3. If the Supplier is liable for any damage, then the liability of the Supplier limited to twice the invoice value of the order, or to that part of the order to which the liability relates
.4. Supplier's liability is always limited to the amount paid by his insurer, as appropriate.
5. Supplier is liable only for direct damages.
6. Direct damage is only the reasonable costs incurred to establish the cause and extent of damage, where the establishment relates to damage in the sense of these terms, any reasonable costs incurred for the poor performance of the Supplier to the agreement to answer, as far as these can be attributed to the Supplier and reasonable costs incurred to prevent or limit damage, if the other party demonstrates that these expenses resulted in mitigation of direct damage as referred to in these terms and conditions.
7. Supplier shall never be liable for indirect damage, including consequential, lost profits, lost savings and damage due to business stagnation.

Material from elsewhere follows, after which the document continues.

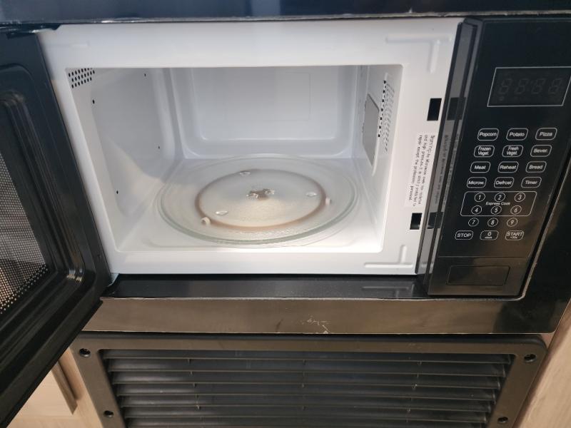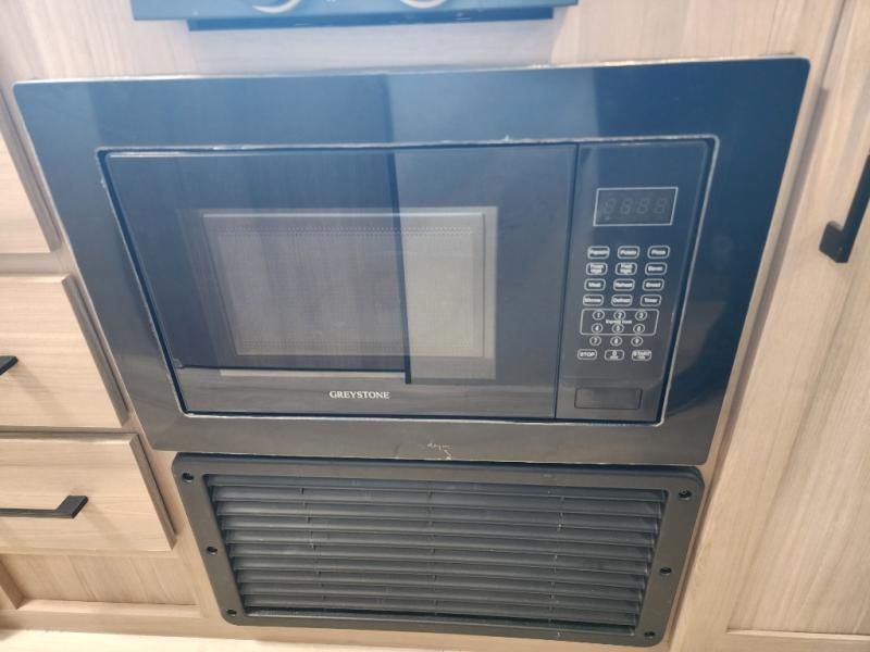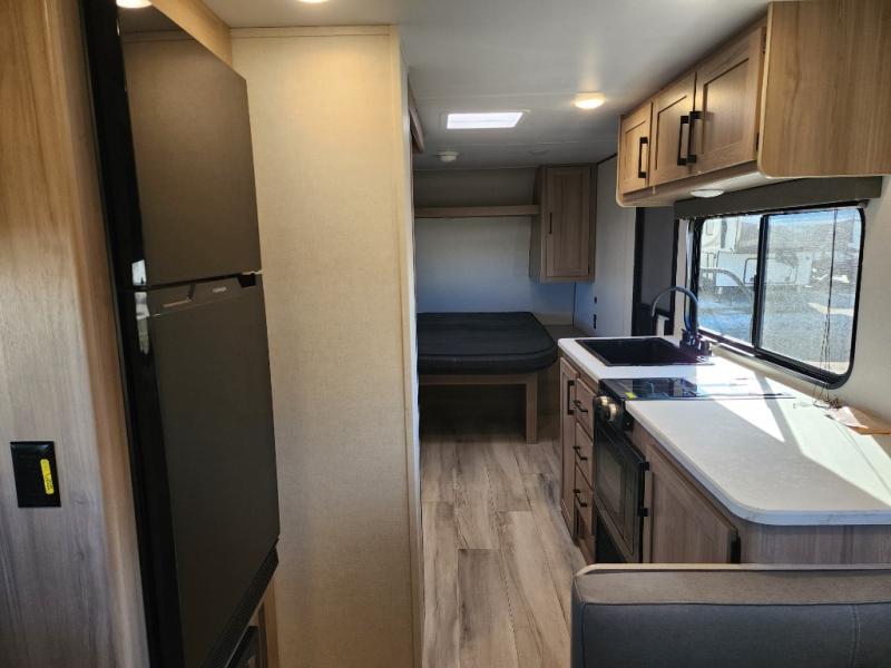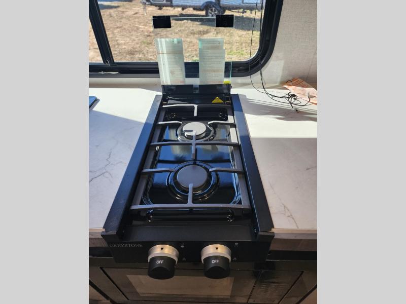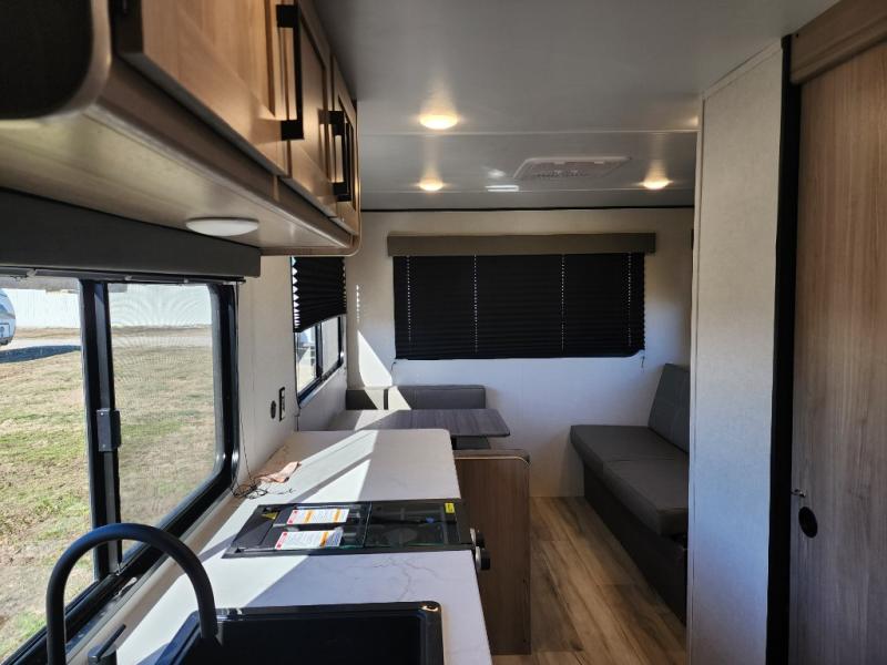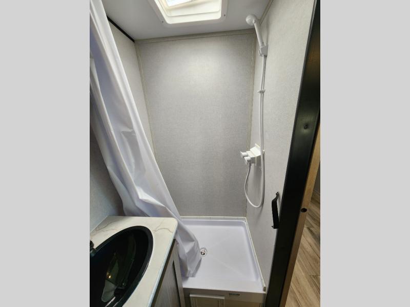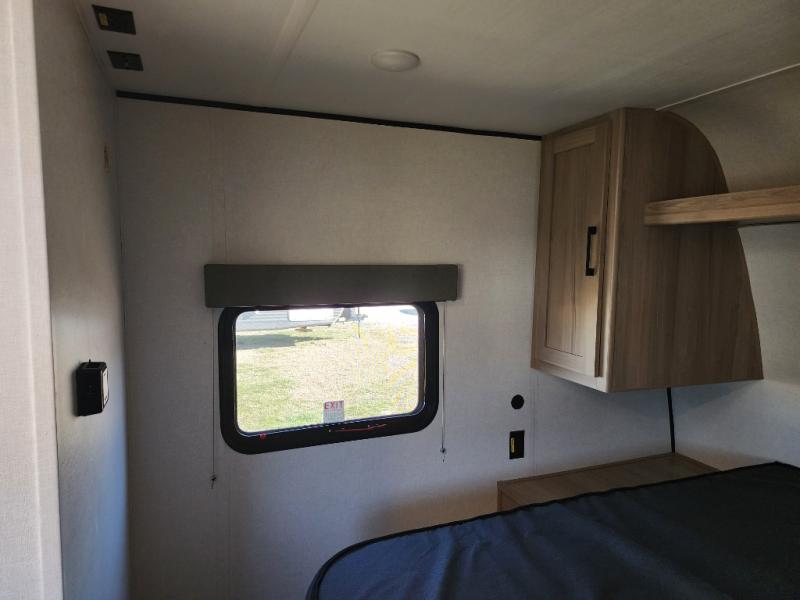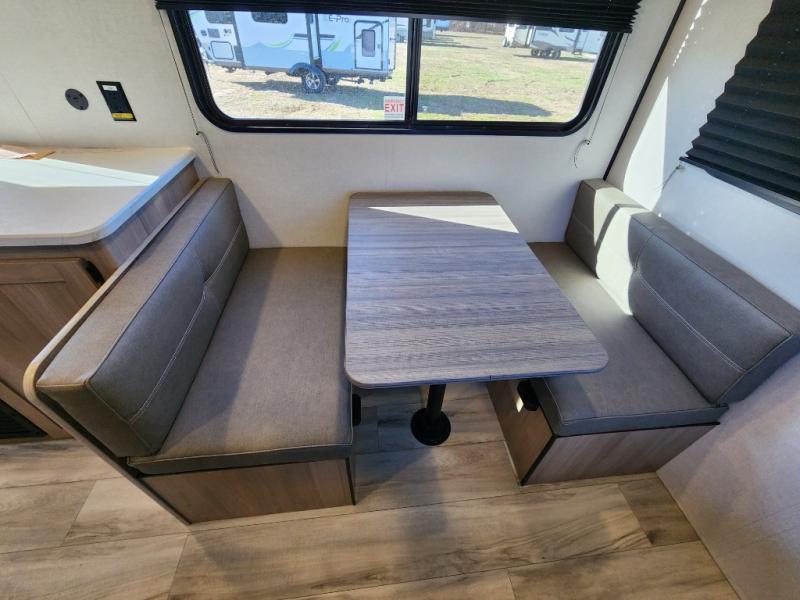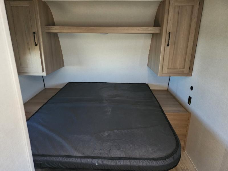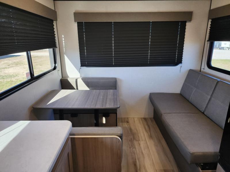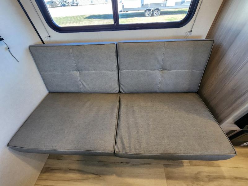 After making dinner on the two burner cooktop or microwave, you can dine at the booth dinette or outside under the power awning if you brought along your camping chairs. Either way you will be comfortable and the dinette can even be converted to sleep one person if needed. After playing outdoors all day, everyone can return to get cleaned up in the full rear bath including a walk-in shower. There is even a linen closet and space for some clothes that hang. You will get a great night's rest on the front queen bed, and the booth dinette can double as sleeping space for an extra guest or two!

8. In this article the limitations of liability do not apply if the damage is due to intent or gross negligence of the Supplier or his subordinates.
Article 10 Transfer of Risk
1. The risk of loss, damage or depreciation is transferred to the Other Party at the time products to the Other in the power of the Other be charged.
Article 11 Safeguard1
1.The Other Party shall indemnify the Supplier against any claims by third parties in connection with the execution of the damage suffered and whose cause other than the Supplier accountable.
2. If the Supplier accordingly by third parties should be addressed, then Supplier is obliged both outside and in law to assist and immediately what to do for him in that case can be expected. Should the other party fail to take adequate measures, the Supplier, without notice, entitled themselves to do so. All costs and damages on the part of the Supplier and third parties, are for the account and risk of the Other Party.
Article 12 Applicable law and disputes
1. For all legal relationships between the supplier and the ordering party, only Dutch law applies even if a contract wholly or partly abroad to be given or if the legal relationship with the party concerned is domiciled. The applicability of the Vienna Sales Convention is excluded.
2. The court in the place of the Supplier shall have exclusive jurisdiction over disputes, unless the law requires otherwise. Nevertheless, the Supplier is entitled to submit the dispute to the competent court according to law. Parties will first appeal to the courts after they turn to the utmost to solve a dispute by mutual agreement to settle.
Article 14 Location and change conditions
1. These conditions are fully transparent and placed on www.interno-online.nl
2. Applicable is the last registered version or the version valid at the time of the creation of the legal relationship with the Supplier.
3. The Dutch text of these general conditions is decisive for the interpretation.